There are two styles of crypto options:
- American: Where a buyer can exercise the contract at any time before the expiry date
- European: Where a buyer can only exercise the contract at the moment of expiry
The current price of the underlying asset plays an important role in how much an option’s premium costs.
- In the money (ITM): For a call, that’s when the strike price is lower than the current price of the underlying asset. For a put, it’s when the strike is higher than the current price.
- At the money (ATM: For both a call and a put, it’s when the strike is equal to the current price.
- Out of the money (OTM): For a call, it’s when the strike price is higher than the current price of the underlying asset. For a put, it’s when the strike is lower than the current price.
- Understanding Options:
- Call Options: Give the holder the right (but not the obligation) to buy an asset at a specified price (strike price) before or at the expiration date.
- Put Options: Give the holder the right (but not the obligation) to sell an asset at a specified price (strike price) before or at the expiration date.
- Basic Terms:
- Strike Price: The price at which the option holder can buy or sell the underlying asset.
- Expiration Date: The date when the option contract expires.
- Premium: The price paid by the option buyer to the seller.
- Types of Options:
- Vanilla Options: Standard call and put options.
- Exotic Options: More complex options with specific features, such as binary options or barrier options.
- Crypto Exchanges Offering Options:
- Many cryptocurrency exchanges offer options trading, including Binance, Deribit, FTX, and others.
- Risk Factors:
- Options trading involves risks, including the potential loss of the entire premium paid.
- High volatility in the crypto market can impact option prices significantly.
- Greeks:
- Understand the Greeks (Delta, Gamma, Theta, Vega, Rho) and how they impact option pricing.
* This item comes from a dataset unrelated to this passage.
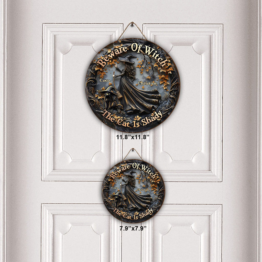 Halloween Is Better With A Cat - Personalized Black Cat Round Wood Sign
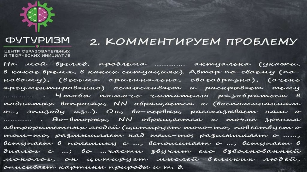 Шаблон сочинения по русскому языку. ЕГЭ-2018

These metrics help assess an option's sensitivity to various factors.
- Strategy Considerations:
- Covered Calls: Selling calls against an existing long position.
- Protective Puts: Buying puts to protect against a decline in the value of a long position.
- Straddles and Strangles: Strategies involving buying both a call and a put.
Greeks
- Delta: Measures the rate of change of the option's price in relation to the underlying asset's price.
- Gamma: Measures the rate of change of the option's delta in relation to the underlying asset's price.
- Theta: Represents the time decay of the option's value as time passes.